Alex Brand
The fungus, Candida albicans, lives as a harmless yeast in the human gut, where its growth is kept in check by the immune system. If immunity becomes suppressed, for example in transplant patients, C. albicans changes shape to produce long filaments called hyphae, which burrow down into internal tissues and cause fatal infections.
To find their way through tissue, hyphae grow and steer by sensing and responding to the conditions around them. It is important for us to understand this sensing and responding process because, if we can find a way to disrupt it, the fungus can no longer invade and is less able to escape from the immune system or treatment with antifungal drugs.
So far we have studied how hyphae grow and respond but the study of how they sense their environment is more challenging. We have developed new proteins that fluoresce inside the fungus when they sense environmental change but they have not been used before in C. albicans.
The aim of this project is to check that the proteins work properly in this fungus before we start using them in experiments involving host tissue. To do this, we will use special microscopy to see which of the proteins starts to fluoresce inside the fungus when we change the conditions on the outside.

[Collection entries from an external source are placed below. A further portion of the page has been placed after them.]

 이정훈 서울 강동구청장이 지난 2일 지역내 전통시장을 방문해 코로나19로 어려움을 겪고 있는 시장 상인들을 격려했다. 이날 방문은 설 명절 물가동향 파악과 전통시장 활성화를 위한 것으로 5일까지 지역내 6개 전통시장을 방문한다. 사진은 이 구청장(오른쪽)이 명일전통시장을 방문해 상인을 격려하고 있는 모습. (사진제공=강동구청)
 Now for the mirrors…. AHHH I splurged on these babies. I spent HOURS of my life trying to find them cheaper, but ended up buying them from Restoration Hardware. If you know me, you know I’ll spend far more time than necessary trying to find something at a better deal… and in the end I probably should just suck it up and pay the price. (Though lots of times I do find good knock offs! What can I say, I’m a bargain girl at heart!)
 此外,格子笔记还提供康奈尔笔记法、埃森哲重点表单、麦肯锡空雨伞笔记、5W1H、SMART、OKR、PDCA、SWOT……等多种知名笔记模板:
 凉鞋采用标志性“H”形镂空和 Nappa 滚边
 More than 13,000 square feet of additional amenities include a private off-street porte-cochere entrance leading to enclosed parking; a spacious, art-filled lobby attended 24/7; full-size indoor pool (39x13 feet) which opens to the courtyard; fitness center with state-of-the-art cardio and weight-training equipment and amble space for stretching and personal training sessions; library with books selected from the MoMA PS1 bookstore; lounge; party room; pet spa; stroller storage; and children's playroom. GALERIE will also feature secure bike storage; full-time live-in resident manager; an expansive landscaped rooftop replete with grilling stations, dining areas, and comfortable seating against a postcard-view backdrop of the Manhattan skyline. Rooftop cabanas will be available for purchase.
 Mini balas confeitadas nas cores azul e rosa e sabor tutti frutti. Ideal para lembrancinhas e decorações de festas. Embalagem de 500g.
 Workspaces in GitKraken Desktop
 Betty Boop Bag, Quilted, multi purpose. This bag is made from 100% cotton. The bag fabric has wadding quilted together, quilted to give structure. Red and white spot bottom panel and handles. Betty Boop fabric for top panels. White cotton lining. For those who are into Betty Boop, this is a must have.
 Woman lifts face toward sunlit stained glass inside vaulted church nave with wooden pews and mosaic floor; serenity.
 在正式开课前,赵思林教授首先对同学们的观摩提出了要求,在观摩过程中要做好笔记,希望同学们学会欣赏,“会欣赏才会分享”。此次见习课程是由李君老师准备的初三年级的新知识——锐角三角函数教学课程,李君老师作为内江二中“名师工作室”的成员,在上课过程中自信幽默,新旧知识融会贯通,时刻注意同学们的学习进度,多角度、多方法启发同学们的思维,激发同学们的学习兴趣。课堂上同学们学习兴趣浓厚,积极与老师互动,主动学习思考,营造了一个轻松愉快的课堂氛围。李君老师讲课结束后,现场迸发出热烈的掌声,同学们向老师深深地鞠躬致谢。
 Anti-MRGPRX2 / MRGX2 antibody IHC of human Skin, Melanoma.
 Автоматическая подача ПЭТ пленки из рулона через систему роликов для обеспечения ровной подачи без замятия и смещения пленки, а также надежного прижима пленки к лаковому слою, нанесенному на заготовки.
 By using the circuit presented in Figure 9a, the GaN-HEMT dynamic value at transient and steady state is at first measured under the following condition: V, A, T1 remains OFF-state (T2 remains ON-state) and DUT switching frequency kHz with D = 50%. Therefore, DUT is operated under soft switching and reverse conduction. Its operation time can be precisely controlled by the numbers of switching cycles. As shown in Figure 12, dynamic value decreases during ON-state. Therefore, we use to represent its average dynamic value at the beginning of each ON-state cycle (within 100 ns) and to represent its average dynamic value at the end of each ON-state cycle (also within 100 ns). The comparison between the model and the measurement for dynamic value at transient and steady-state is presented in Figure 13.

This new technology will tell us how the fungus 'reads' its environment during three key stages of infection. Firstly, how it decides which way to steer as it penetrates host cell layers, secondly, how it responds to chemical attack by the body's immune cells and thirdly, how quickly the commonly-used antifungal drugs can reach the fungus once it has invaded.
This information will help to identify points of vulnerability in the fungus that could be exploited in the design of therapeutic treatments.